### Records from a collection
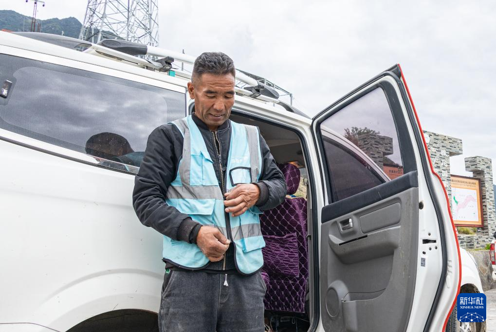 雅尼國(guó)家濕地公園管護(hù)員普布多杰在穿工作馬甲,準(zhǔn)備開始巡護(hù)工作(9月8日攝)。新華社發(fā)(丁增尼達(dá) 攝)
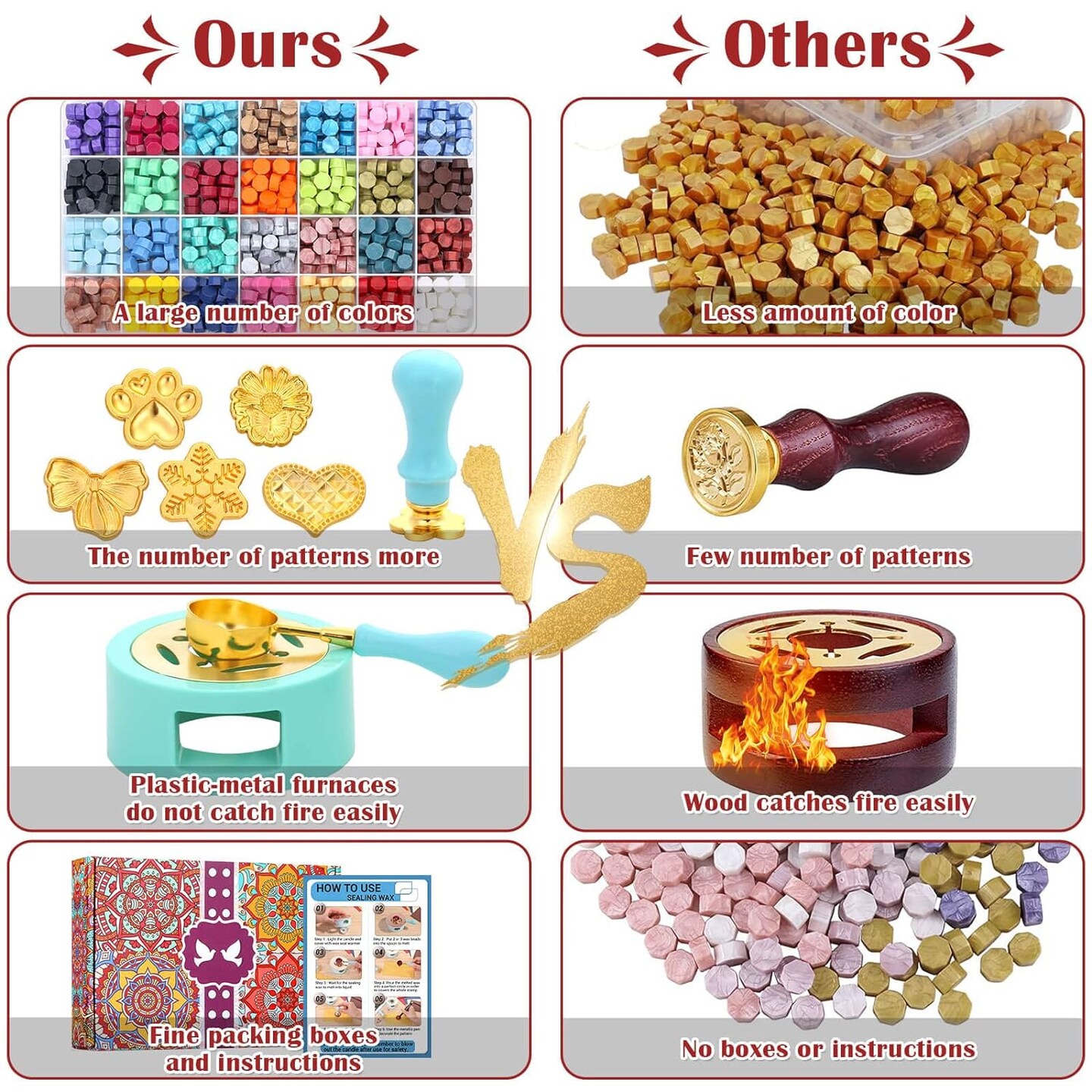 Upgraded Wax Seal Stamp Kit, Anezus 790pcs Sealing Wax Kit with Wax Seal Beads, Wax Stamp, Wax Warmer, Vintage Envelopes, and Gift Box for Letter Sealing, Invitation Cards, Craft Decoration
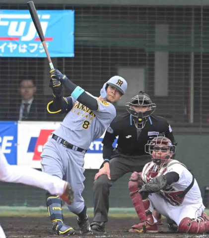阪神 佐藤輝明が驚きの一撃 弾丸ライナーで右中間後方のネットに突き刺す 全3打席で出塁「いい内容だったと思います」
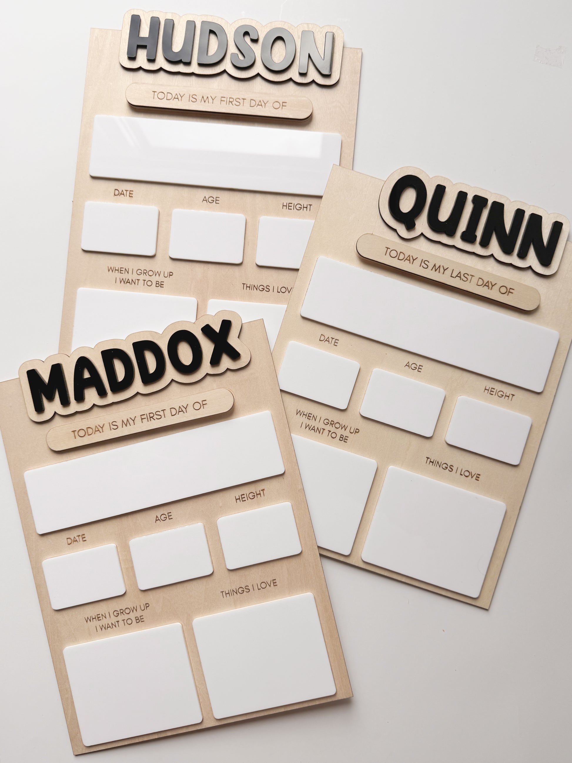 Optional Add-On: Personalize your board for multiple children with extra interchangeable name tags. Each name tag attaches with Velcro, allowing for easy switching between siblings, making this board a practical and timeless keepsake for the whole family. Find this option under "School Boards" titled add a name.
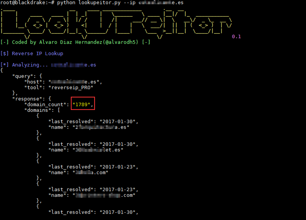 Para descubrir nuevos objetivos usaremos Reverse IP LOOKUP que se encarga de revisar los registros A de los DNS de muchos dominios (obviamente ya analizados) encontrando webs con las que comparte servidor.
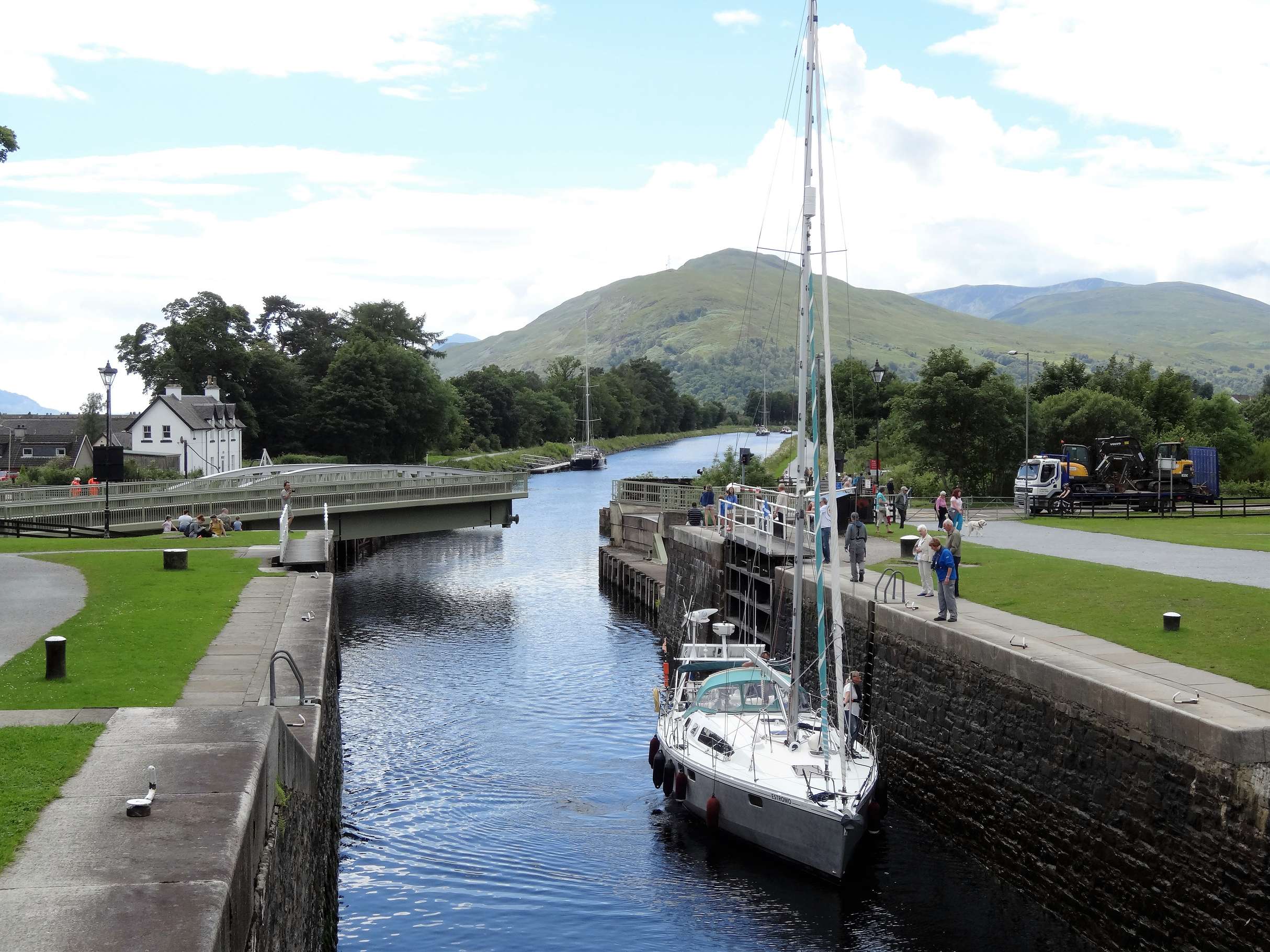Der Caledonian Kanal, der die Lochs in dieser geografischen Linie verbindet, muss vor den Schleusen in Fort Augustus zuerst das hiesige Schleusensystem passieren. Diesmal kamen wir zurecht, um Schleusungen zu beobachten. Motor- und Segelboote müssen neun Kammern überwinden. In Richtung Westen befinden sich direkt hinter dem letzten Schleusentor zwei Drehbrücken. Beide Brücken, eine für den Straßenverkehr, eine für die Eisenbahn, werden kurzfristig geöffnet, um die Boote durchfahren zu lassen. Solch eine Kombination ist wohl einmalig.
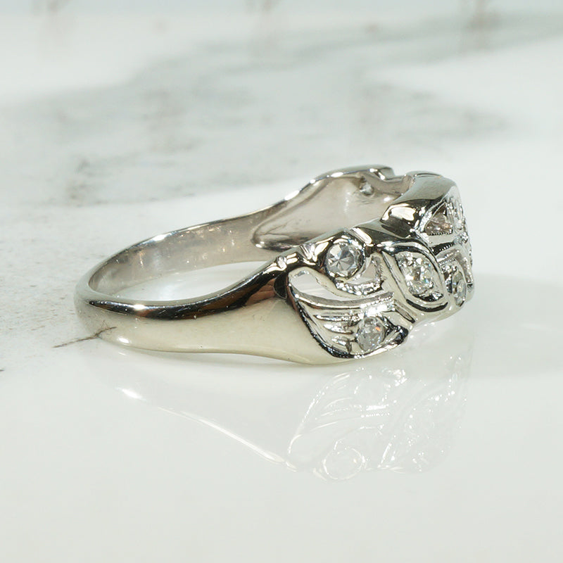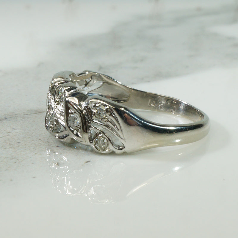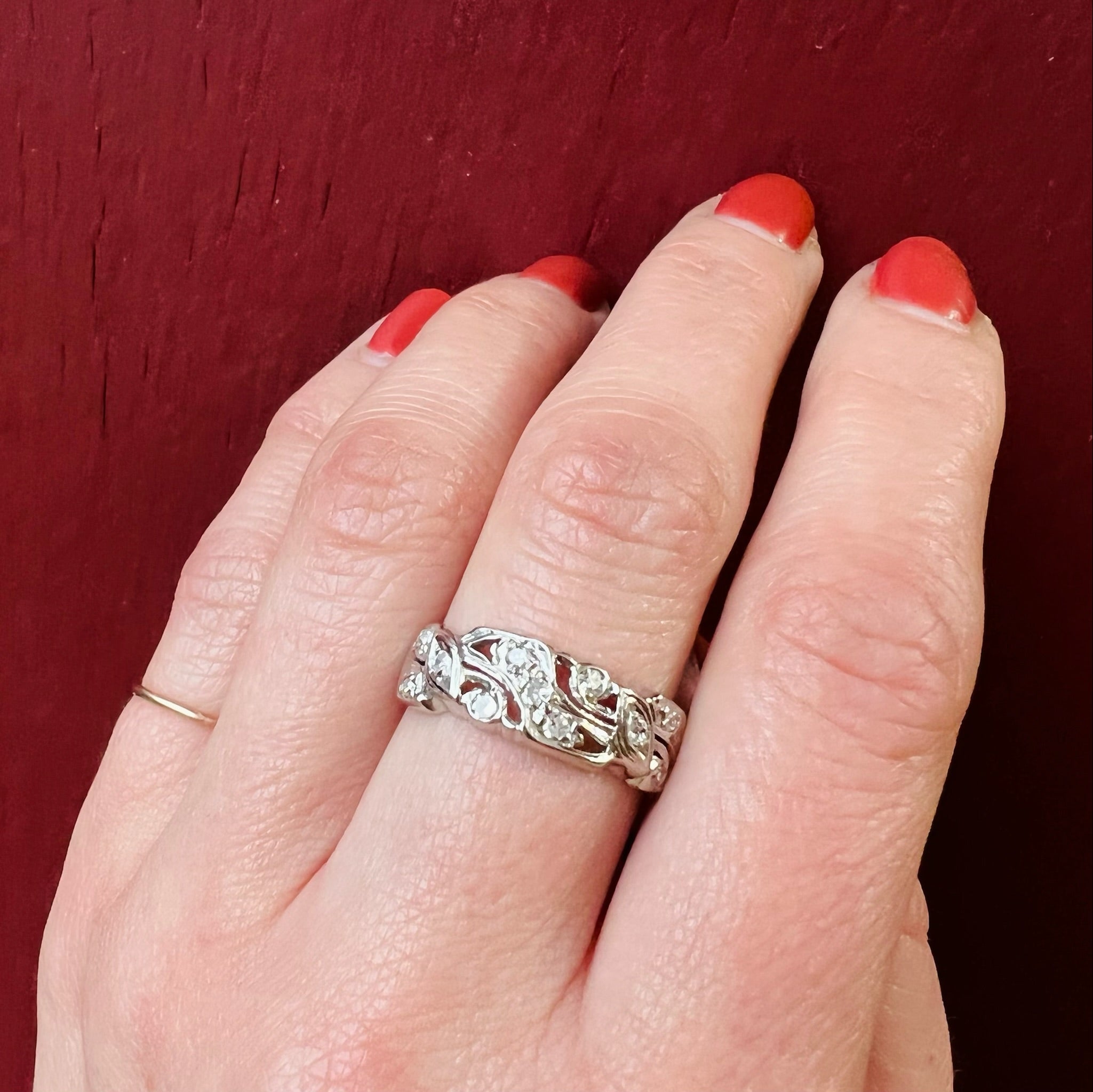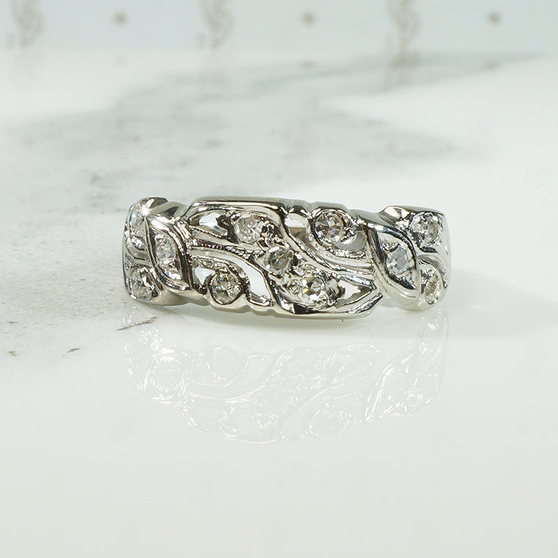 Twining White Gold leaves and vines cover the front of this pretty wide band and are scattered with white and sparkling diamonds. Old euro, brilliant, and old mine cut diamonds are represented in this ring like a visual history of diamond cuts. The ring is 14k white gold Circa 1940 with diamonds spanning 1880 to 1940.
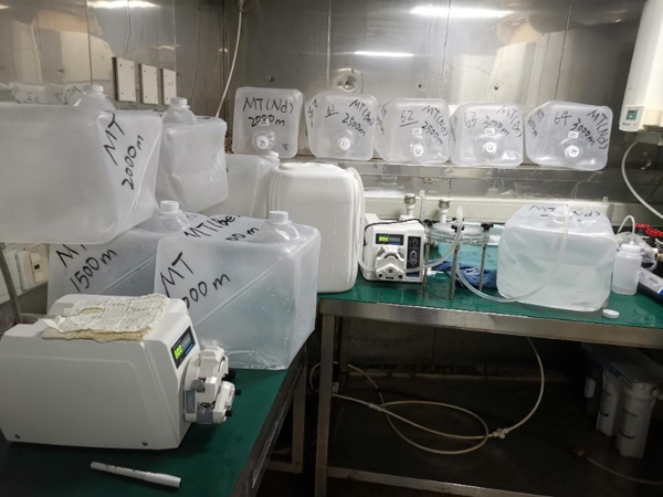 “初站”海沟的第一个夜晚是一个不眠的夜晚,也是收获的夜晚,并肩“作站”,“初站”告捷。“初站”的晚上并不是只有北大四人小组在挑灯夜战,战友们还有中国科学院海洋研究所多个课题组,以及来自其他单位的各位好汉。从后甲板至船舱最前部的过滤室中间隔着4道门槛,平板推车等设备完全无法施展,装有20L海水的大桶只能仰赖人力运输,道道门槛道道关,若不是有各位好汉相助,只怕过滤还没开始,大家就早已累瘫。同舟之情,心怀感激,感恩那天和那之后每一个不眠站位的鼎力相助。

### Your task
Please output exactly the lines of the data above, from its first line through the line with "阪神 佐藤輝明が驚きの一撃 弾丸ライナーで右中間後方のネットに突き刺す", and nothing else; drop the pictures.

### Written solution
 雅尼國(guó)家濕地公園管護(hù)員普布多杰在穿工作馬甲,準(zhǔn)備開始巡護(hù)工作(9月8日攝)。新華社發(fā)(丁增尼達(dá) 攝)
 Upgraded Wax Seal Stamp Kit, Anezus 790pcs Sealing Wax Kit with Wax Seal Beads, Wax Stamp, Wax Warmer, Vintage Envelopes, and Gift Box for Letter Sealing, Invitation Cards, Craft Decoration
阪神 佐藤輝明が驚きの一撃 弾丸ライナーで右中間後方のネットに突き刺す 全3打席で出塁「いい内容だったと思います」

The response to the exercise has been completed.